Разумеется, поэзия — не наука, и выбор поэтов всегда субъективен, точно так же, как оценка этого выбора. Впрочем, если бы книга не вызывала полярных чувств, о ней вряд ли было бы интересно писать.

В своей антологии “Строфы века” Евгений Евтушенко сказал о Жирмунской: “Всегда распространяла еще в институтских коридорах и до сих пор вокруг себя ауру любви к людям, к поэзии”.

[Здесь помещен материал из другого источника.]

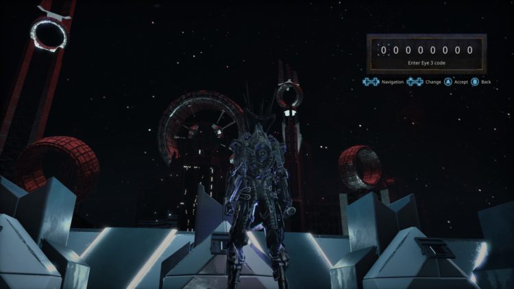Каждый код для глаза, найденный вами, состоит из 8 цифр и позволяет передвигать соответствующие башни. Теперь взгляните на каждый глаз, чтобы понять, что здесь можно ввести такие же 8-значные коды. Идея заключается в том, что вы должны вводить два кода для двух глаз, связанные между собой. Но ввода кода недостаточно: придется также немного подождать, чтобы в данном регионе наступил «Час Черной дыры». Поскольку Ирид Ново вращается вокруг Черной дыры, то время влияет на ваше окружение. Вы можете ориентироваться по часам, расположенным в левом верхнем углу экрана.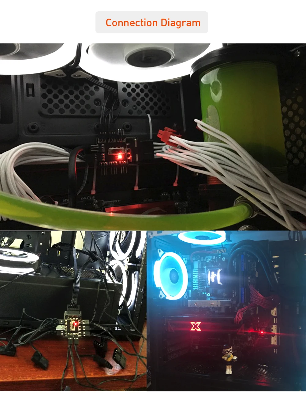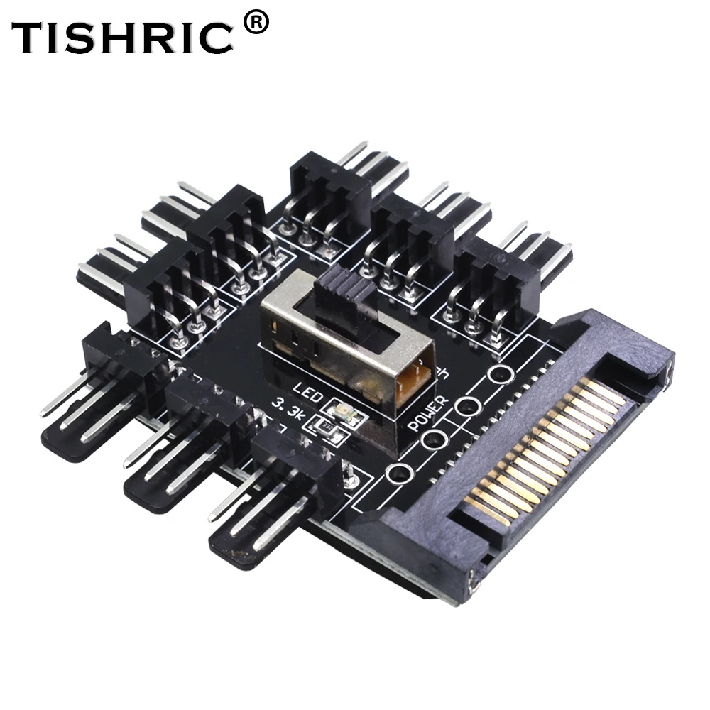 Comprar TISHRIC-Hub de ventilador de 1 a 8 3 pines, Pwm, Sata Molex, divisor, Cable de minería de PC, 12V de potencia, adaptador de controlador de velocidad de refrigeración

Это действительно так, но еще она написала замечательное стихотворение “Район моей любви”, одно из самых отрадных свидетельств первой оттепели :


Молчи,
Район моей любви —
Четырнадцать кварталов счастья!
Меня за локоть не лови —
Я не хочу с тобой встречаться
Ни утром,
ни в разгаре дня
(А вечера теперь короче!).
Ты не разыгрывай меня
И не разгуливай до ночи.
Не засекай,
район любви,
Меня на каждом перекрестке,
В пролеты лестниц не зови,
Не пачкай в краске и в известке,
Не отводи оконных глаз
И не топи в тени скамеек...
Ты это делал тыщи раз —
Ты не откроешь мне америк!
1960

В этом, написанном четыре десятилетия назад стихе ничего о хрущевских послаблениях вроде бы и не сказано. Это просто жалоба, отклик неопытной девушки на неразделенную, возможно, первую любовь. (Позднее Жирмунская в своей написанной с редким для этого жанра волнением мемуарной книге “Мы — счастливые люди” расшифрует эти стихи, но они все равно останутся шире и глубже воспоминаний.)

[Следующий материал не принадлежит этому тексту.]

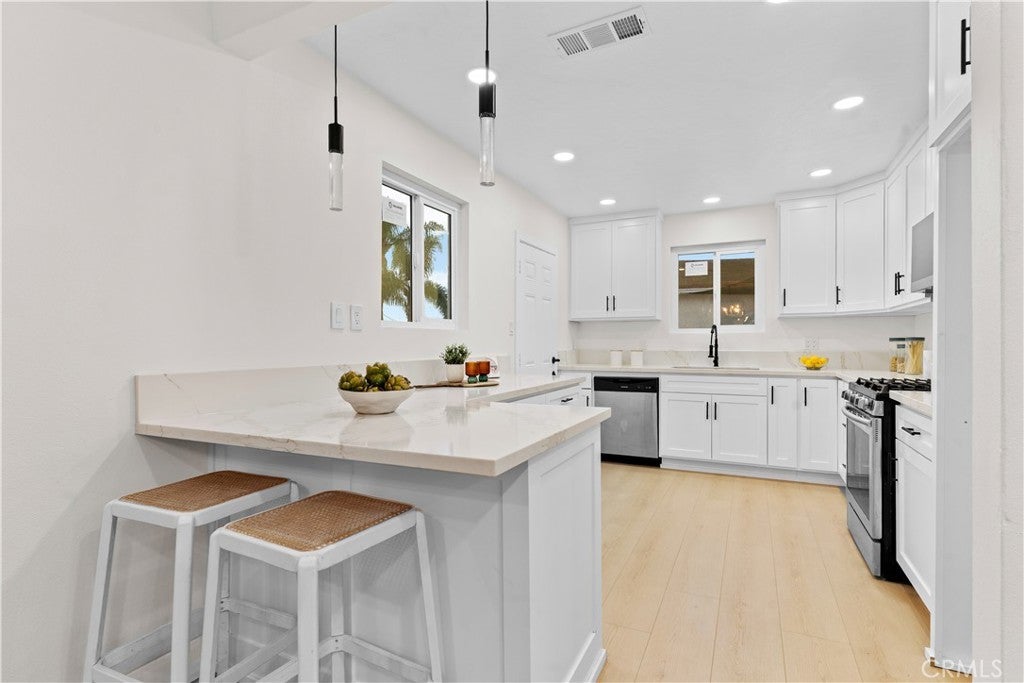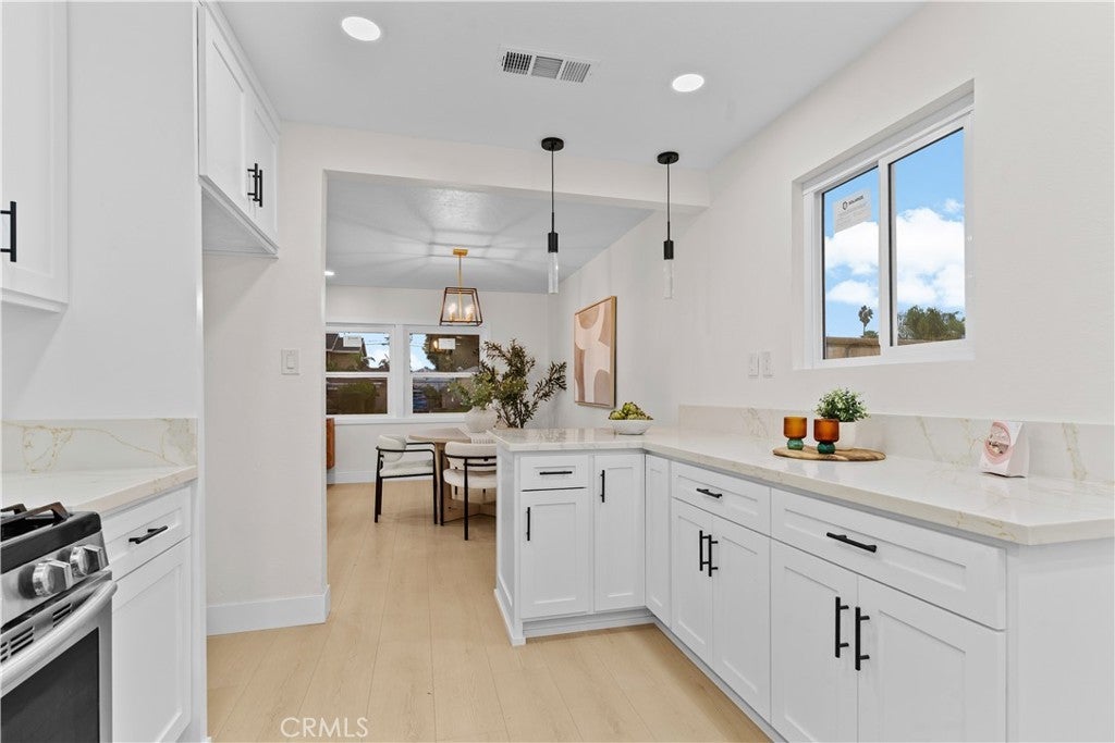 Welcome Home, where modern design meets timeless comfort! This beautifully remodeled 3-bedroom residence has been transformed from top to bottom, offering a perfect blend of style, practicality, and high-quality finishes. Step inside to an airy, light-filled living space enhanced by fresh interior and exterior paint, brand-new recessed lighting, and an open layout that feels instantly inviting. The stunning custom kitchen, crafted with real cabinetry, not prefabricated, features sleek Quartz countertops and stainless-steel appliances, including a stove, microwave, and dishwasher. It’s truly the heart of the home. Enjoy year-round comfort with a brand-new HVAC system, dual-pane windows, and ceiling fans in every bedroom. The updated bathrooms feature clean, modern finishes in soothing tones, while new flooring flows seamlessly throughout the home for a cohesive, elevated feel. Outside, the landscaped corner lot offers the perfect blend of curb appeal and functionality. Relax or entertain in the spacious backyard shaded by a beautiful mature tree. The detached 2-car garage provides ADU potential, with design plans already available, plus room for RV or boat parking. Located in a desirable Whittier neighborhood close to parks, schools, and local favorites, this home is truly turnkey. Don’t miss the opportunity to make this beautifully remodeled gem your own!

Почему это стихотворение кажется мне оттепельным? Оно ведь пережило и первую эпоху перемен, и вторую, и, надеюсь, будет еще долго радовать читателей поэзии. Потому что именно так могла чувствовать девушка того очень короткого отрезка времени. И это удивительно тонкое и пластичное стихотворение, написанное о вечном, сохраняет приметы далекого, как потом назвали, шестидесятничества. Впрочем, это слово неоднозначно понимают современники, и оно вряд ли что-либо объяснит потомкам. Просто для предыдущей — сталинской — эпохи стихотворение чересчур раскованно, а для последующих времен, пожалуй, слишком целомудренно. Короче, оно памятник того краткого времени, когда люди впервые глотнули свободы, но не всеми легкими, а лишь чуть-чуть. О “Районе моей любви” можно писать много, и, безусловно, кто-нибудь со временем это сделает, но я веду разговор о недавно вышедшей книге “Библия и русская поэзия”.

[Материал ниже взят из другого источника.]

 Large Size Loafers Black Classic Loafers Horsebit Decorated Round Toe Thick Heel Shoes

Редко кто из моих современников так любит и помнит стихи, как Жирмунская. Когда я читал ее работу, у меня в голове все время вертелась строка Смелякова “Я своих поэтов знаю наизусть”. И так продолжалось на протяжении двух третей книги, пока Жирмун-ская писала о моих поэтах, которые были и ее, то есть нашими поэтами.

Изложу свои впечатления по порядку.

В двадцатой главе Евангелия от Матфея сказано: “Ибо Царство Небесное подобно хозяину дома, который вышел рано поутру нанять работников в виноградник свой...” (стих 1), и далее (стих 16): “Так будут последние первыми, и первые последними; ибо много званных, а мало избранных”.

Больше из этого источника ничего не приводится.